First, there’s the solution-by-cheating. If you’re working in a language
with bounded integers, you can exploit that knowledge to meet the letter
of the law in the “constant space” requirement.
Let’s say we’re using a language and platform where integers are 32 bits,
signed. The maximum value for an array element would therefore be
231-1, while the minimum value would still be 1. We only need
one bit of information per value (seen/not seen), so, at 8 bits per byte,
an array 223 bytes (8MB) long would be enough to track any set
of integers the environment is capable of passing. This algorithm is
therefore O(n) time and O(1) space on a system with 32-bit signed
integers:
let s ← array [1..2^31-1] of bit
for 1 <= i <= n:
if s[A[i]] = 1: return A[i]
set s[A[i]] ← 1
Of course, it relies on implementation details that might change (a
similar array on a 64-bit system would require 32 petabytes of memory) and
it might be nice to have an algorithm that works regardless of any
artifical bounds on your integers. Fortunately, there are a couple more
approaches we can take.
Recall that the array is 1-based, so its elements are numbered from 1 to
n. The values are positive integers less than n, so they can range
anywhere from 1 to n-1. Because the values are a subset of the array
bounds, we can treat those values as indices into the array itself.
If we’re allowed to modify the array, we can just go through it reordering
the elements, trying to put each value into the corresponding element (so
the value 1 goes into the first element, 2 goes into the second element,
and so on). When we find a collision, that’s the duplicate.
for 1 <= i <= n:
while A[i] ≠ i:
if A[A[i]] = A[i]: return A[i]
swap(A[A[i]], A[i])
If the array is immutable, though, the solution is a little more involved.

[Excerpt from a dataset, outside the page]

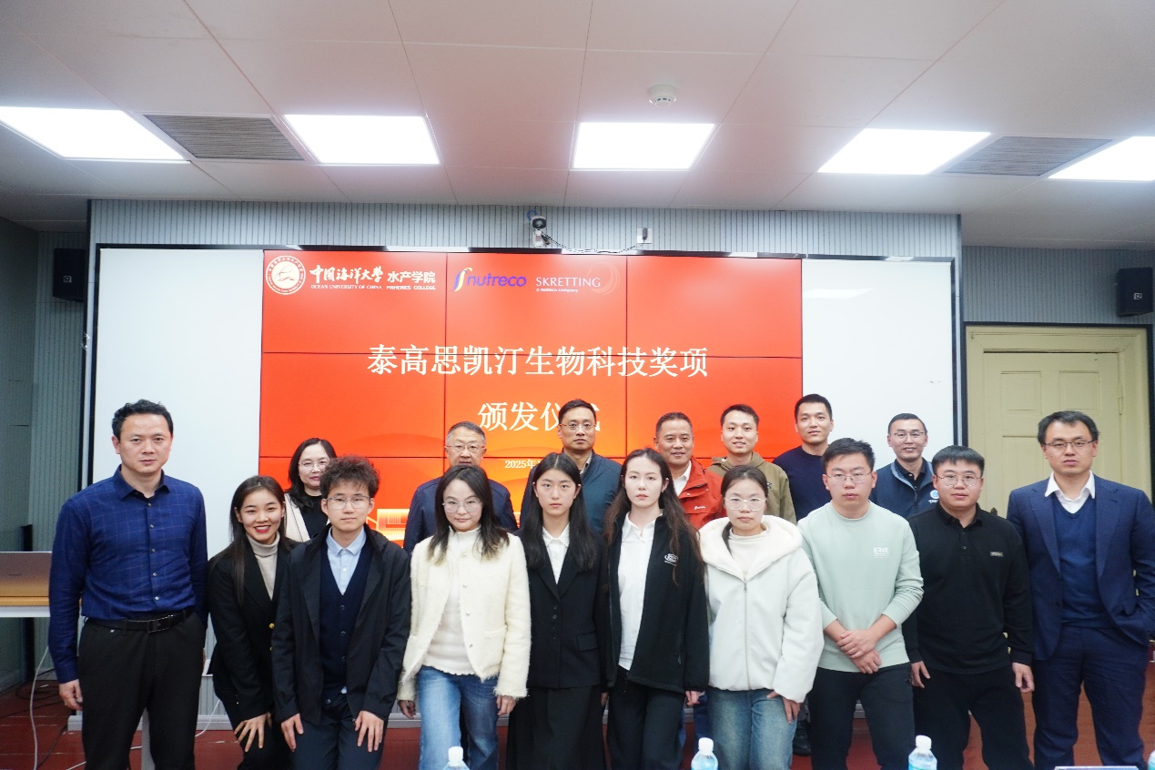 张猛代表学院对陈小星一行表示欢迎,并简要介绍了学院、学科发展建设情况。他表示,思凯汀作为行业领先企业,一直积极参与高校人才培养与科研支持,为水产师生提供了宝贵的学习交流机会,颁发奖项不仅是对师生学术科研能力的肯定,更是双方深化战略合作的体现。未来,学院将牢记习近平总书记殷殷嘱托,继续拓展校企合作的广度与深度,推动科技创新与产业需求对接,更好地把服务“蓝色粮仓”建设作为重要着力点,引导更多毕业生投身海洋强国建设。

Given the view of each value as an index into the array, we can treat the
array as a directed graph, where each element is a node and the value of
that element is an edge pointing at the next node. Since every node
points to another node, there is at least one cycle in the graph. We can
also conclude that every node leads to a cycle, even if it is not directly
part of one.
(Side note on terminology, for those not immediately familiar: A graph
is simply a collection of nodes and edges. Each edge connects exactly
two nodes. In a directed graph, each edge also has a direction; it goes
from one node to another. If you start at a particular node, follow (one
of) its edges to the next node, continue doing that for a certain amount
of time, and eventually come back to the starting node, that’s a cycle.
If you start at a particular node, follow its edges out in the same way,
and end up in a cycle that does not contain the starting node, all of the
nodes and edges you crossed before getting to the cycle are called the
tail. The first node that you reach that is in the cycle is defined to
be the beginning of the cycle. The symbols λ (lambda) and μ (mu)
represent the lengths of the tail and cycle, respectively. Technically,
the directed graph we’re dealing with here is also a sequence, since
every node has at most one edge leading away from it (though it might have
more than one leading into it).)
Since the values in the array are all less than n, no element in the
array can point to the _n_th element. Therefore, the last element cannot
be part of a cycle. Since every element must lead to a cycle, it must be
part of a tail. If we follow the sequence from this point, we will
eventually run into a cycle, and the last element in the tail will be a
duplicate value.
So, how do we find the beginning of the cycle? The easiest approach is to
use Floyd’s cycle-finding algorithm. It works roughly like this:
Start at the beginning of the sequence. Keep track of two values (call
them ai and aj). At
each step of the algorithm, move ai one step
along the sequence, but move aj two steps. Stop
when ai = aj.
At this point, the difference between i and j must be a multiple of
the cycle length. If the algorithm took m steps to get to this point,
then i = m and j = 2m, so m is a multiple of the cycle length.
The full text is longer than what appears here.